### TASK
Among the lines below, output only those between the line holding "We have added" and the line holding "ウエストはドローストリングの", inclusive, exactly as written and with no pictures.

### SUPPLIED MATERIAL
────
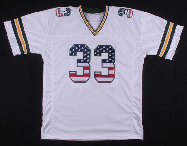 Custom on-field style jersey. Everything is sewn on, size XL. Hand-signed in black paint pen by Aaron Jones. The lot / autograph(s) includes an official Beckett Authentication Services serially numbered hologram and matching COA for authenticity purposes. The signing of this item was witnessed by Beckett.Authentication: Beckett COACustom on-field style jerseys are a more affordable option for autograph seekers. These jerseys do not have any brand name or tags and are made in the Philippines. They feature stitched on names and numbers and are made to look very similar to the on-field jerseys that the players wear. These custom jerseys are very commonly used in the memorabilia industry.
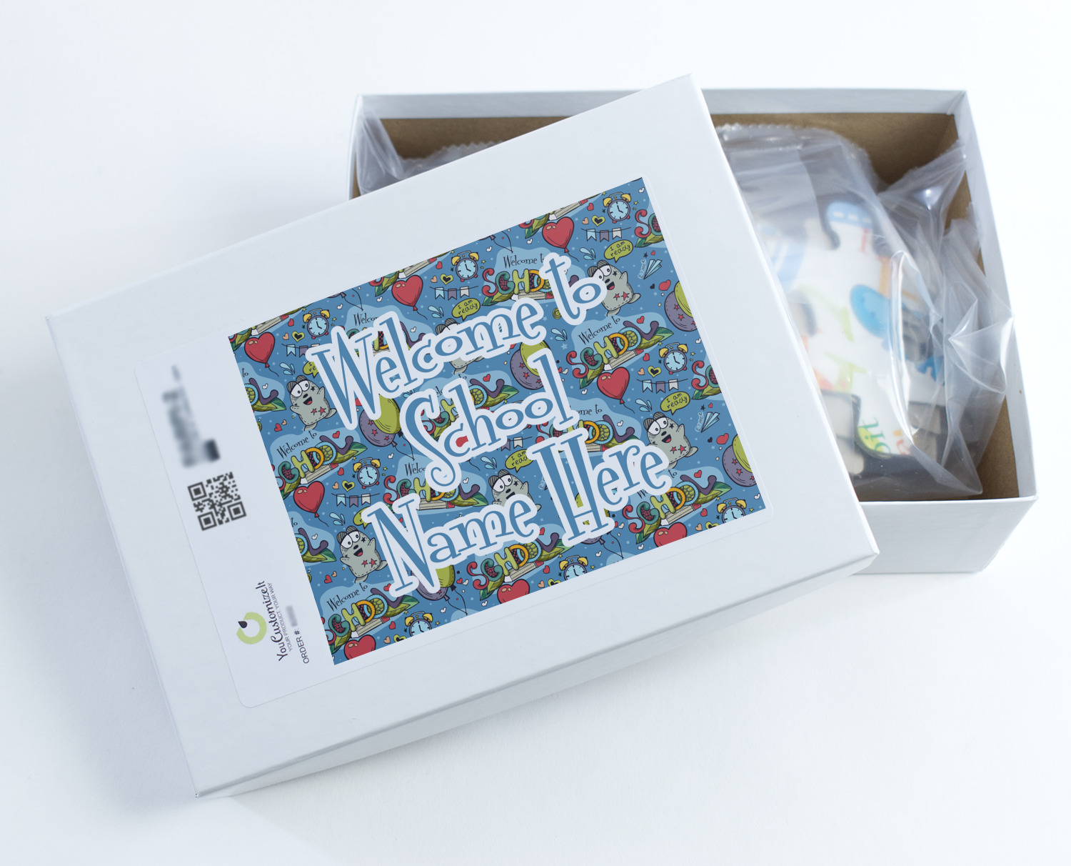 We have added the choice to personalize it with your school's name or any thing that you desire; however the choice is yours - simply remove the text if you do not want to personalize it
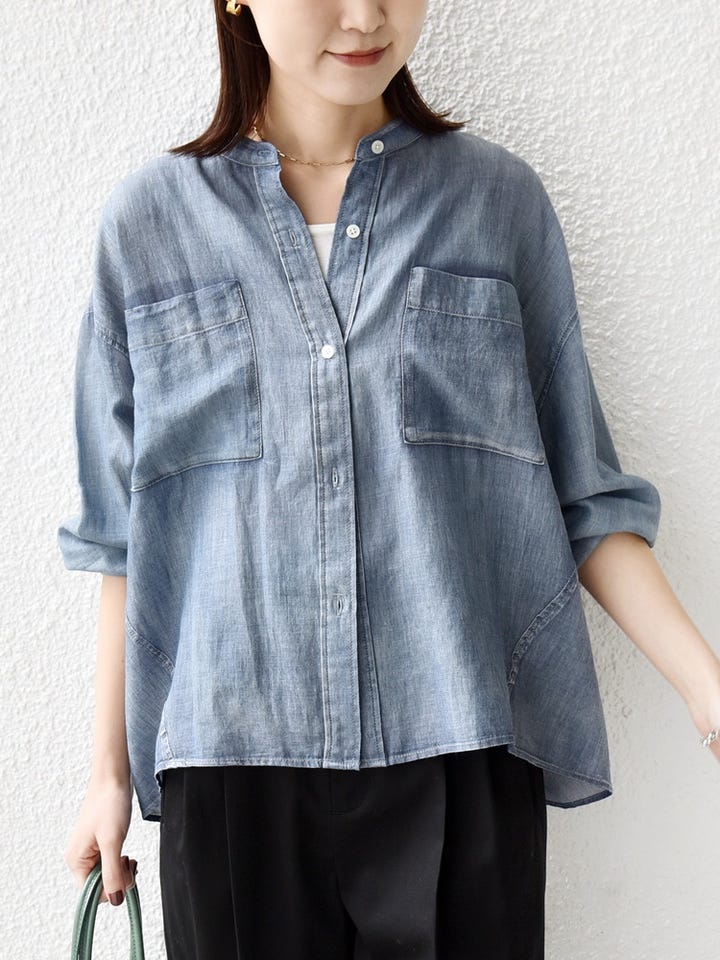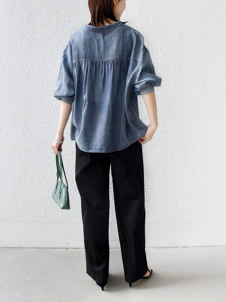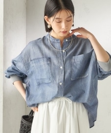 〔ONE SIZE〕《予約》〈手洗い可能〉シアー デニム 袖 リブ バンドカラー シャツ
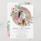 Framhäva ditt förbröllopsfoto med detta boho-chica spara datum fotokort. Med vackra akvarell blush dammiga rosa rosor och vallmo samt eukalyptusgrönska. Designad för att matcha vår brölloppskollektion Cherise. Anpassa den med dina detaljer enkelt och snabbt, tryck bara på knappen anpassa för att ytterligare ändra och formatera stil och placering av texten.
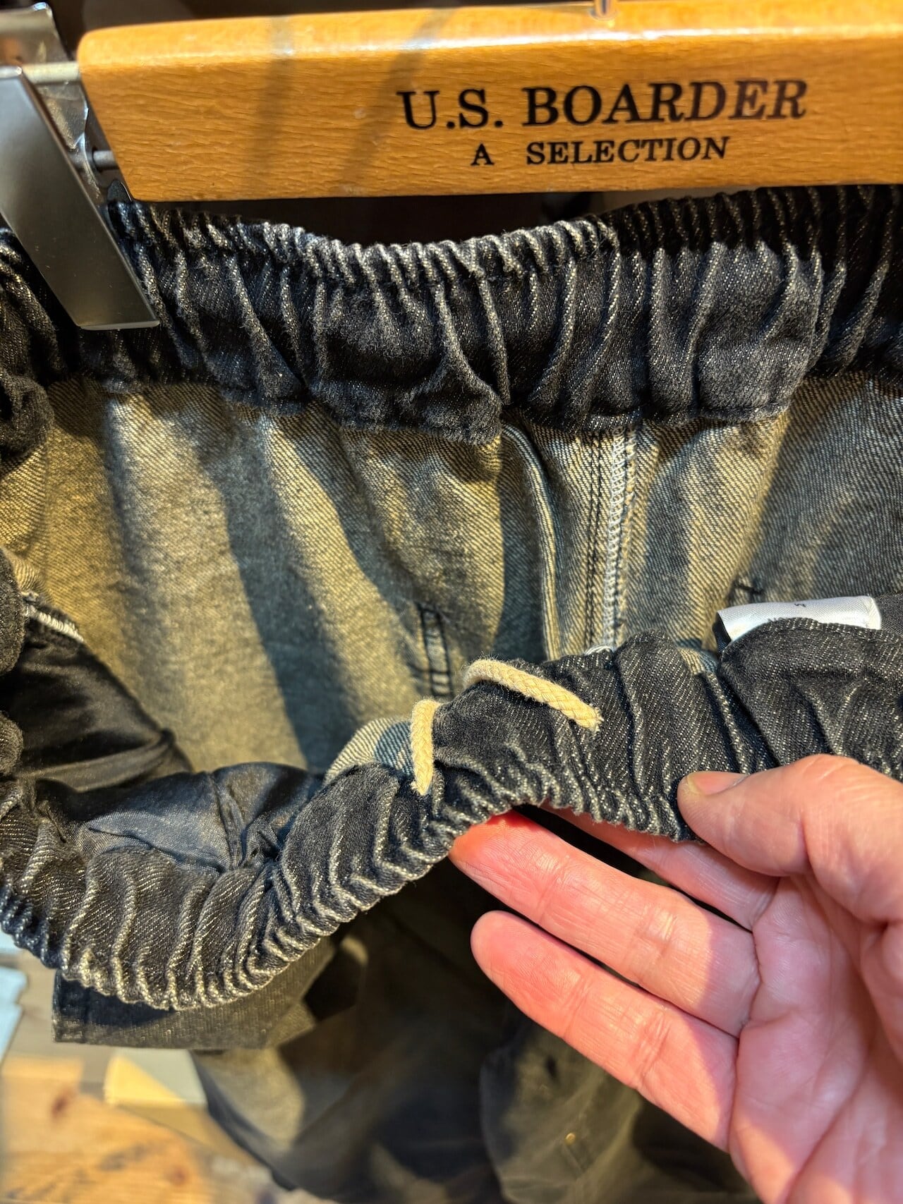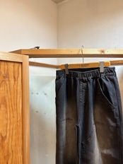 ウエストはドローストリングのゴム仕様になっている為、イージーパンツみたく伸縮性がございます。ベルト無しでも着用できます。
────
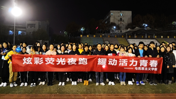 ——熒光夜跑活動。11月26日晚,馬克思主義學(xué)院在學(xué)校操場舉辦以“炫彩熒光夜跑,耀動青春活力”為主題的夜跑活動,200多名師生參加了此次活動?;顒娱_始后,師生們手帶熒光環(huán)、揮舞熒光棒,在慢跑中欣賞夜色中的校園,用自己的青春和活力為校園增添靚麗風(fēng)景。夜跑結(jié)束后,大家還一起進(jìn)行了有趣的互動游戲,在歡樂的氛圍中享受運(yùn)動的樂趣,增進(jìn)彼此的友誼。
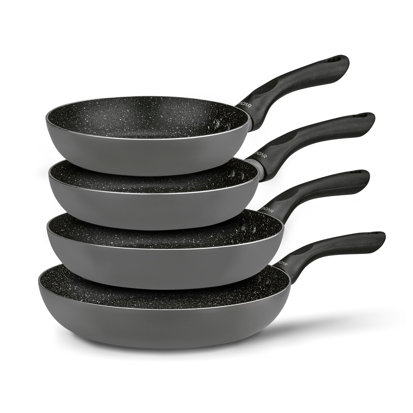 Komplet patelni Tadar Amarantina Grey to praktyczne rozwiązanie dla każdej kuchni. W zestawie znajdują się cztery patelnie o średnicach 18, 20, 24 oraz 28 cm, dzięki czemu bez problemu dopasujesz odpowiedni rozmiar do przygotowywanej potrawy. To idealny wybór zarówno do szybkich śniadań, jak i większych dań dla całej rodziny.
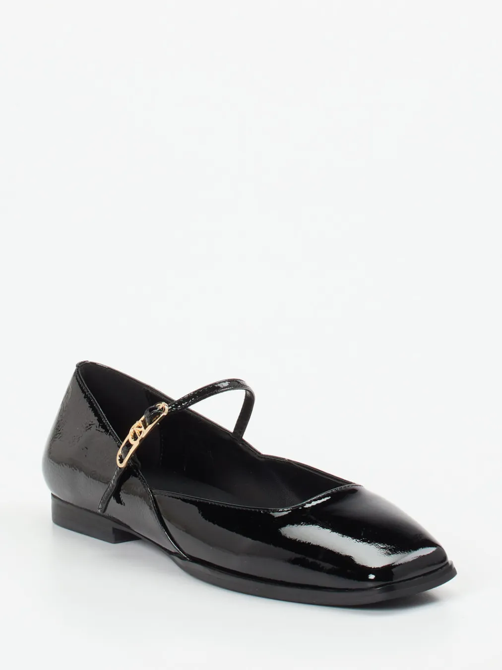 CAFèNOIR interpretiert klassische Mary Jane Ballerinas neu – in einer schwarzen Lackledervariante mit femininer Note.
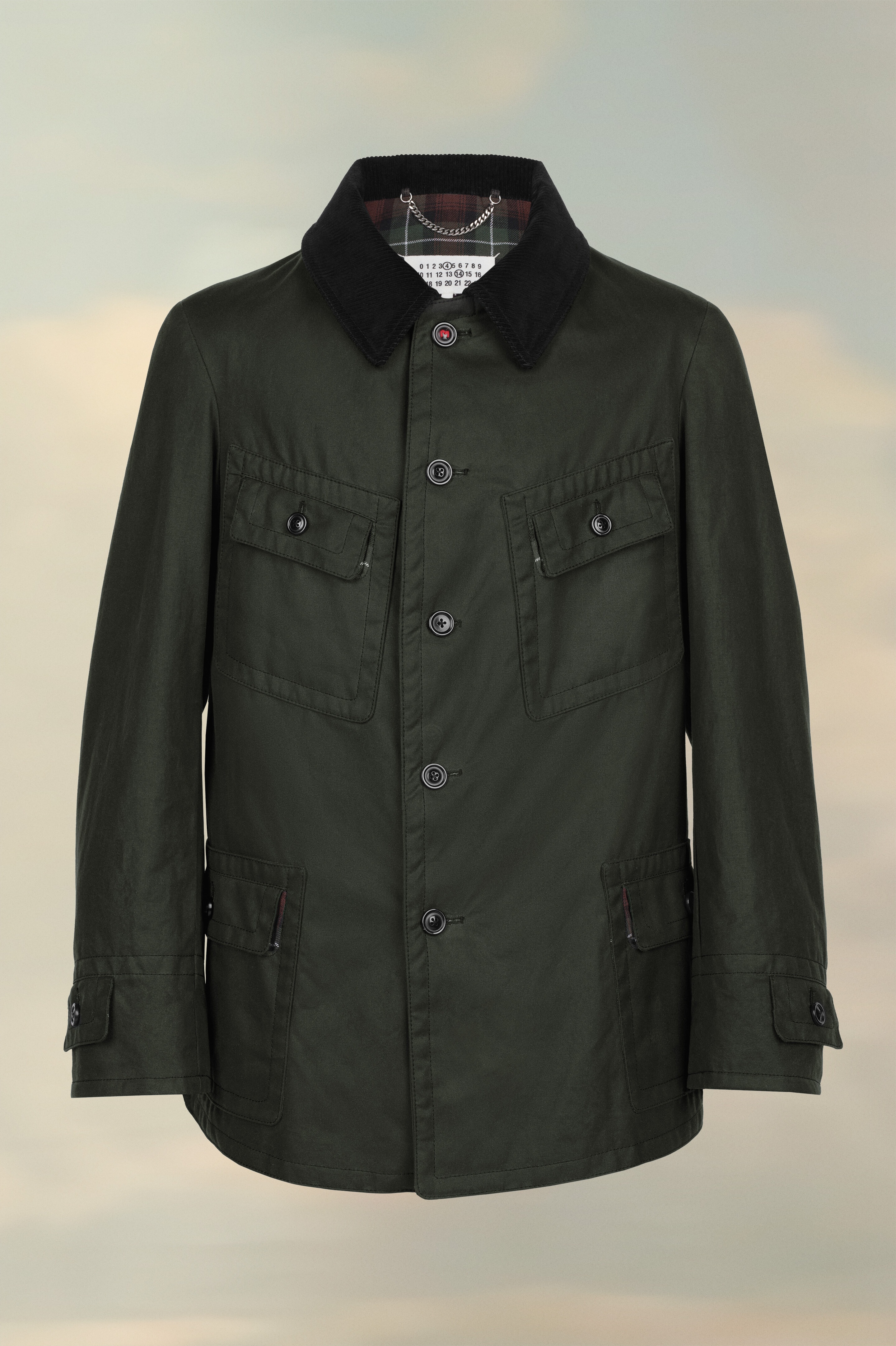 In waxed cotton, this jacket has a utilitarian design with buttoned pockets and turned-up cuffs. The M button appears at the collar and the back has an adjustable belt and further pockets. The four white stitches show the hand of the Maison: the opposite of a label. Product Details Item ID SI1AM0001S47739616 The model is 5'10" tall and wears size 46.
────
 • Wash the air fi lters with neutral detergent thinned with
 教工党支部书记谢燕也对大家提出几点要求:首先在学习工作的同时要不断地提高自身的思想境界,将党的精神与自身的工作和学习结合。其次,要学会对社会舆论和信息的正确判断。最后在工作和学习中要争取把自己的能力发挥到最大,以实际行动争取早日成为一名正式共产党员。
────
### ANSWER SECTION
 We have added the choice to personalize it with your school's name or any thing that you desire; however the choice is yours - simply remove the text if you do not want to personalize it
 〔ONE SIZE〕《予約》〈手洗い可能〉シアー デニム 袖 リブ バンドカラー シャツ
 Framhäva ditt förbröllopsfoto med detta boho-chica spara datum fotokort. Med vackra akvarell blush dammiga rosa rosor och vallmo samt eukalyptusgrönska. Designad för att matcha vår brölloppskollektion Cherise. Anpassa den med dina detaljer enkelt och snabbt, tryck bara på knappen anpassa för att ytterligare ändra och formatera stil och placering av texten.
 ウエストはドローストリングのゴム仕様になっている為、イージーパンツみたく伸縮性がございます。ベルト無しでも着用できます。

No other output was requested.